Other candidates for Islwyn are: Daniel Thomas (Conservative), Steffan Lewis (Plaid Cymru) and Asghar Ali (Liberal Democrat).

The shortlist

Tamsin Dunwoody - AM for Preseli Pembrokeshire 2003 - 2007 and daughter of Gwyneth Dunwoody. Lost Crewe and Nantwich by-election to Conservative Edward Timpson in May 2008.

Christopher Evans - A researcher for Don Touhig and party member for 20 years. From Bridgend.

Dan Jarvis - From London - Has military background, served in Afghanistan and worked as an assistant to a Nato commander in the Balkans.

Melanie Smallman - Finished behind Conservative Greg Hands in the 2005 general election in the Hammersmith and Fulham seat.

Nick Thomas-Symonds - A lawyer who is secretary of the Blaenavon branch of the Labour Party, secretary of the Torfaen constituency Labour Party. Chairman of selection panel for Torfaen's Labour council candidates in 2008 elections.

Angela Wilkins - From London and worked Harriet Harman's office and former administrator of Labour's '1,000 Club' listing major donors.

Nathan Yeowell - From Griffithstown, Pontypool, now based in London. Head of Labour group office at Local Government Association.


EDITORIAL COMMENT: Déjà vu as Labour stirs hornet's nest

IT was with a sense of déjà vu that we read the shortlist of potential Labour Party candidates to fight the Islwyn seat in the forthcoming election.

For anyone who remembers anything of what happened in Blaenau Gwent five years ago, the situation is uncanny.

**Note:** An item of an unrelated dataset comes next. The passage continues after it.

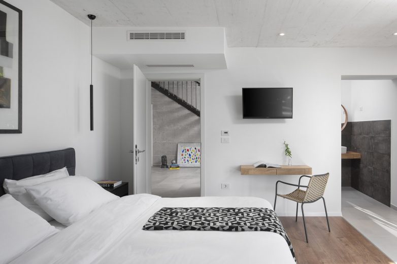 Zidovi i plafoni su fino gletovani i farbani belom bojom. Betonski zid uz stepenište nije gletovan već je ostavljeno da se vidi priroda materijala.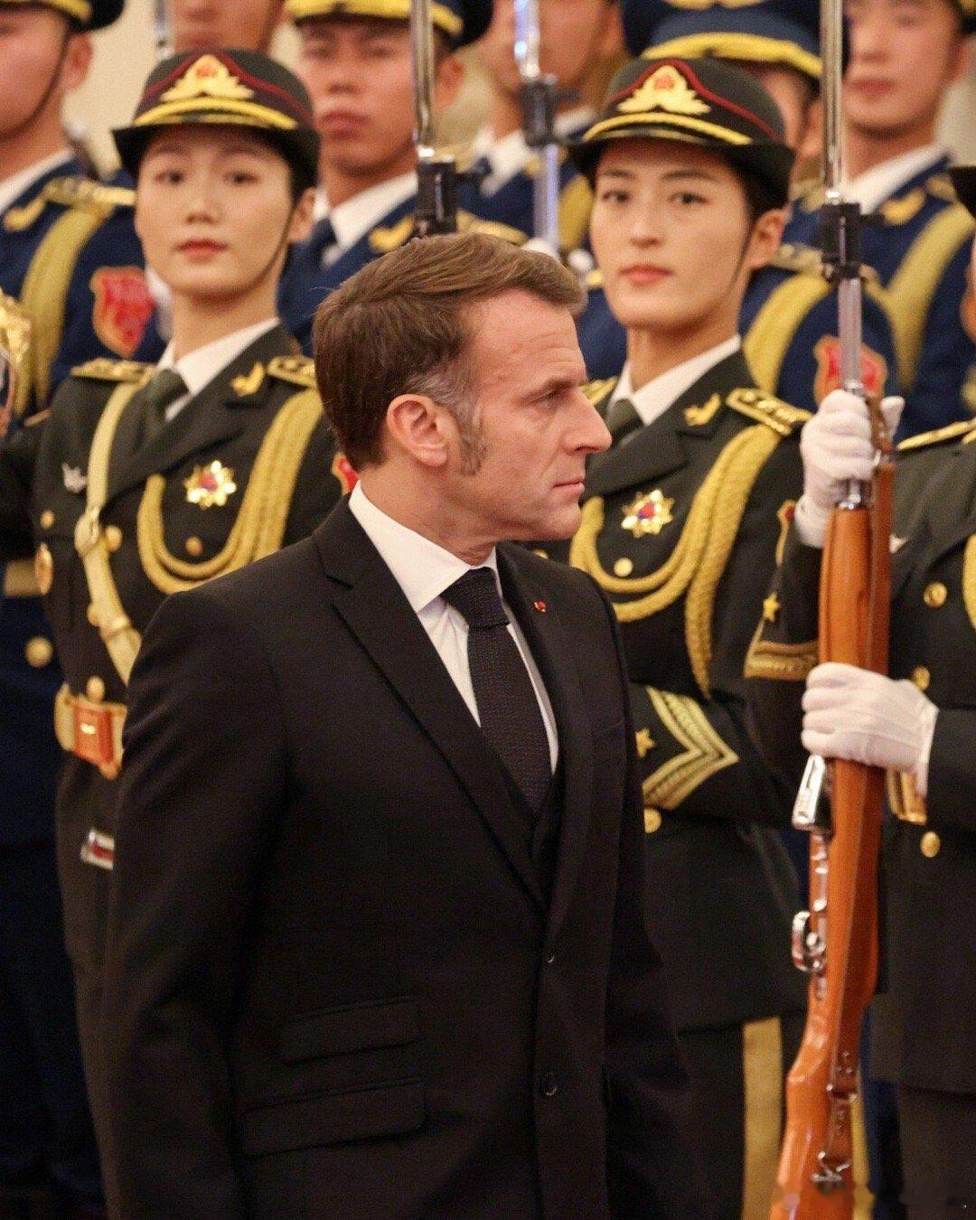 马克龙访华时检阅中国仪仗队的一幕,不仅让法国民众被中国军队的威武气势震撼,还因他

At that time New Labour tried to impose an all-women shortlist on the local party, only for the plan to backfire in spectacular fashion when Peter Law then stood as an independent and overturned one of the largest Labour majorities in the country.

The seat remains independent today.

Don Touhig's decision to stand down from a seat he held last time around with a majority in excess of 15,000, vacates what should be another safe seat for Labour.

But it is astonishing to see the party repeating its policy of imposing an external shortlist on a traditional heartland seat.

It is not for us to tell the Labour Party how to run itself and although this time it is not an all-women shortlist, it is one which is being seen as an imposition by local party activists.

Already one loyalist, Councillor Dave Rees, has vowed to stand as an independent candidate after he and three colleagues announced they are to resign from the party in protest at the shortlist.

This newspaper is non-political and will remain so, but we are as amazed as the four resigning councillors that the Party has chosen to impose a shortlist that contains not one Islwyn politician.

We publish the claims by those councillors that decisions are being taken away from the heartland of Labour support and we can see their point.

In our view politicians should have a good working knowledge of, and preferably local connections with, their constituency.

In this way they can be seen to truly represent the area.

If not, there is a very real danger that the selection process is perceived as a career stepping stone for a favoured few and a sort of political chess game for the Labour Party masters.

We will be amazed if the current shortlist for Labour Party candidates is unchanged following the outcry with which it has been greeted.